Desde o final de setembro, quando o governo de Geraldo Alckmin (PSDB) anunciou o projeto de reorganização da rede escolar, com previsão de fechamento de mais de 90 escolas e extinção do ensino médio, sobretudo noturno, na maioria das unidades, os alunos passaram a ocupar ruas e escolas para protestar. Com a decisão dos desembargadores do Tribunal de Justiça de que o estado não poderia impedir as ocupações, mais escolas foram ocupadas e a polícia passou a reprimir mais intensamente os estudantes.

No último dia 4, o governo paulista demitiu o secretário da Educação Herman Woorwald e anunciou a suspensão da reorganização. Um decreto publicado no sábado, que revoga as transferências de professores, não foi suficiente para por fim às ocupações. Os estudantes querem a garantia de que Alckmin de que a reorganização não será adotada na rede.

Em depoimento aos integrantes do Condepe, a aluna Thais, da Escola Estadual Professor Antônio Firmino de Proença, na Mooca – onde estudou o senador tucano José Serra – conta que no dia 24 de novembro, primeiro dia da ocupação, os policiais entram na escola com arma na mão. “Mandaram os alunos jogar os celulares no chão e começaram a debochar. Disseram que iam chegar outros policiais para bater na gente e que não iria ter testemunhas”, contou. De acordo com ela, os policiais queriam a chave da escola, que já estava com o estudantes. “Chegaram outros policiais, que pegaram cadeados, nos revistaram. Eram 20 policiais para oito estudantes”.

Ela conta ainda que, embora houvesse a instrução de não levar alunos para a delegacia sem advogados, os policiais militares disseram que havia advogado no distrito policial. “Mas o conselho tutelar não foi acionado, não tinha advogado na delegacia e mesmo assim houve interrogatório. Eles disseram que nós quebramos muita coisa na escola, que depredamos. Pegaram nossos nomes, número do RG”.

De acordo com o advogado Ariel de Castro, durante a repressão da PM contra os manifestantes foram presas 33 pessoas.  Só no dia 1º de dezembro foram quatro detenções, sendo dois adolescentes, em protestos na avenida 9 de Julho. No dia 2, cinco pessoas detidas, dois adolescentes apreendidos. E no dia seguinte, seis detidos, sendo um adolescente apreendido.
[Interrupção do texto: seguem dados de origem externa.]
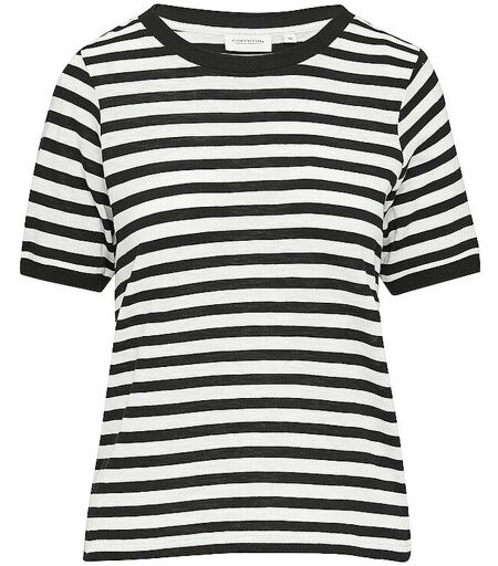 Damen T-Shirt aus Baumwoll-Modal-Mischung Rundhalsausschnitt Kurzarm mit Strickbündchen Ringelmuster Gerade Passform Farbbezeichnung: Grey / Black Material: 50% Baumwolle, 50% Modal Die Marke Comma ist Mitglied der Fair Wear Foundation. ...

“Alguns casos tornaram-se conhecidos, como em escolas do Jardim Ângela, Perus e São Mateus, na capital, e em Osasco, Campinas e Marília, com alunos e professores agredidos. Outros não. Por isso devemos requisitar os boletins de ocorrência de todos os casos relacionados às manifestações nas ruas e nas escolas”, disse Ariel.

Segundo ele, a ouvidoria está atuando em oito casos, alguns desses citados. “O Condepe tem de se posicionar também quanto a isso. “Quando o ouvidor da Polícia disse que apurava, o secretário da Segurança Pública (Alexandre de Moraes) disse em entrevista que o ouvidor tinha intenção político-partidária porque estava contra a reestruturação da educação. É inadmissível que alguém que foi escolhido por nós numa lista tríplice e que representa a entidade seja tratado dessa forma pelo secretário”, afirmou.